## Exercise brief
When you repeat the listing below, keep every word exactly and leave out each picture.

## Dataset content
+++

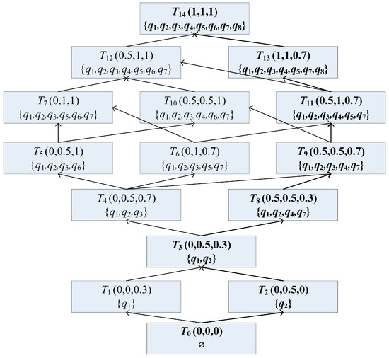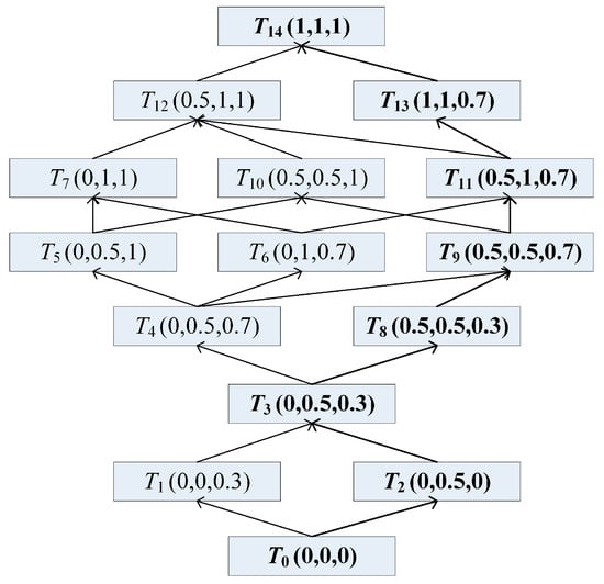 FC-states extend ordinary competence states by adding proficiency levels for each skill. Fuzzy skill learning is approximately continuous, while FC-states discretize it by selecting finite representative levels in . Based on these discretized values, we defined the fuzzy skill mapping, fuzzy competence structure, fuzzy competence space and CFCS above. It is also natural to use these selected values as thresholds to define the outer fringe of an FC-state. For example, in Example 1, , and is the next possible target proficiency after . The concept of the outer fringe of competence states can be extended to FC-states.
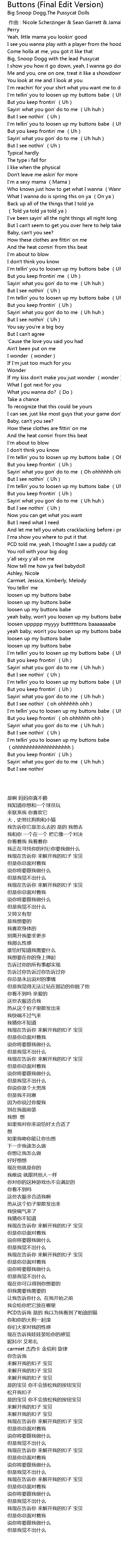 | [01:15.08] | I'm tellin' you to loosen up my buttons babe (Uh huh) |
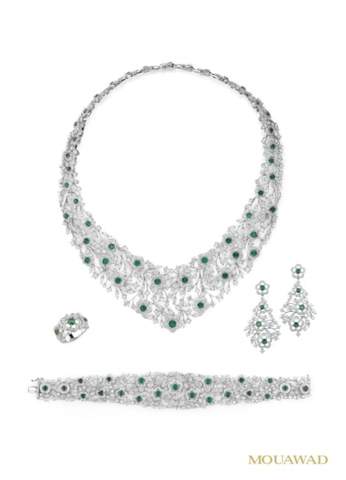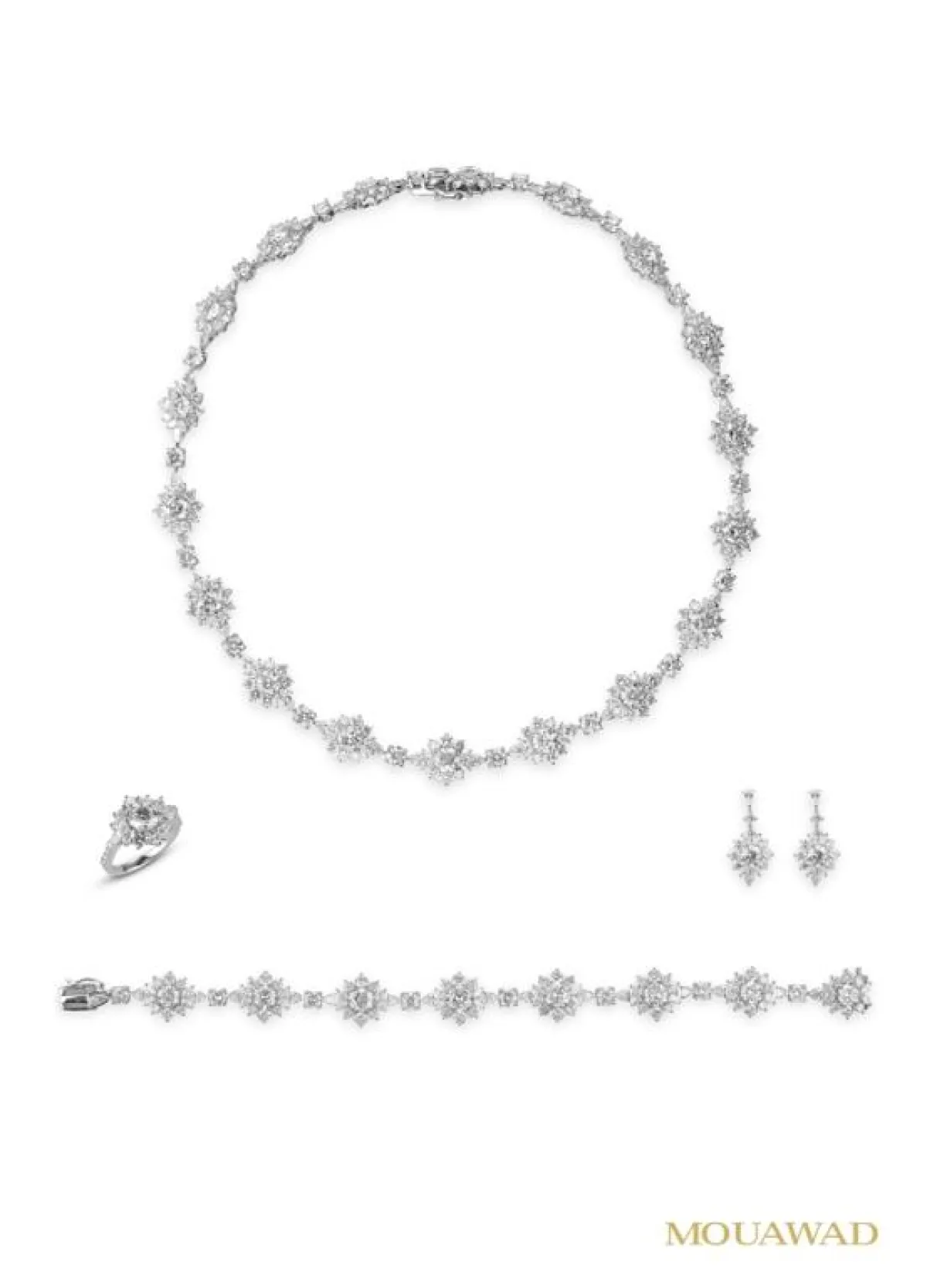 وقد صُممت كل قطعة من مجموعة الدار الجديدة، بإتقان وفنّ متناهيين لتحاكي بروعتها جمال العروس، وتسحر كل من ينظر إليها. وكما تحمل تقاليد الأعراس في طيّاتها جمالًا رمزيًّا، تُظهر آخر تصاميم مجوهرات معوّض بضيائها المتلألئ المعنى الحقيقي للزفاف، فيتجسد انسجاماً لزوجين ببراعة في الأطقم التي تتألف من قلادة وسوار وقرطا أذن وخاتم. وتجمع التصاميم زخارف كلاسيكية من الزهور والبتلات والقلوب والدموع تتهادى بين البساطة الفاتنة والعظمة الهائلة، لتقدّم لكل عروس فرصة اختيار المتمم الأمثل لجمالها.

+++

## Worked solution
 FC-states extend ordinary competence states by adding proficiency levels for each skill. Fuzzy skill learning is approximately continuous, while FC-states discretize it by selecting finite representative levels in . Based on these discretized values, we defined the fuzzy skill mapping, fuzzy competence structure, fuzzy competence space and CFCS above. It is also natural to use these selected values as thresholds to define the outer fringe of an FC-state. For example, in Example 1, , and is the next possible target proficiency after . The concept of the outer fringe of competence states can be extended to FC-states.
 | [01:15.08] | I'm tellin' you to loosen up my buttons babe (Uh huh) |
 وقد صُممت كل قطعة من مجموعة الدار الجديدة، بإتقان وفنّ متناهيين لتحاكي بروعتها جمال العروس، وتسحر كل من ينظر إليها. وكما تحمل تقاليد الأعراس في طيّاتها جمالًا رمزيًّا، تُظهر آخر تصاميم مجوهرات معوّض بضيائها المتلألئ المعنى الحقيقي للزفاف، فيتجسد انسجاماً لزوجين ببراعة في الأطقم التي تتألف من قلادة وسوار وقرطا أذن وخاتم. وتجمع التصاميم زخارف كلاسيكية من الزهور والبتلات والقلوب والدموع تتهادى بين البساطة الفاتنة والعظمة الهائلة، لتقدّم لكل عروس فرصة اختيار المتمم الأمثل لجمالها.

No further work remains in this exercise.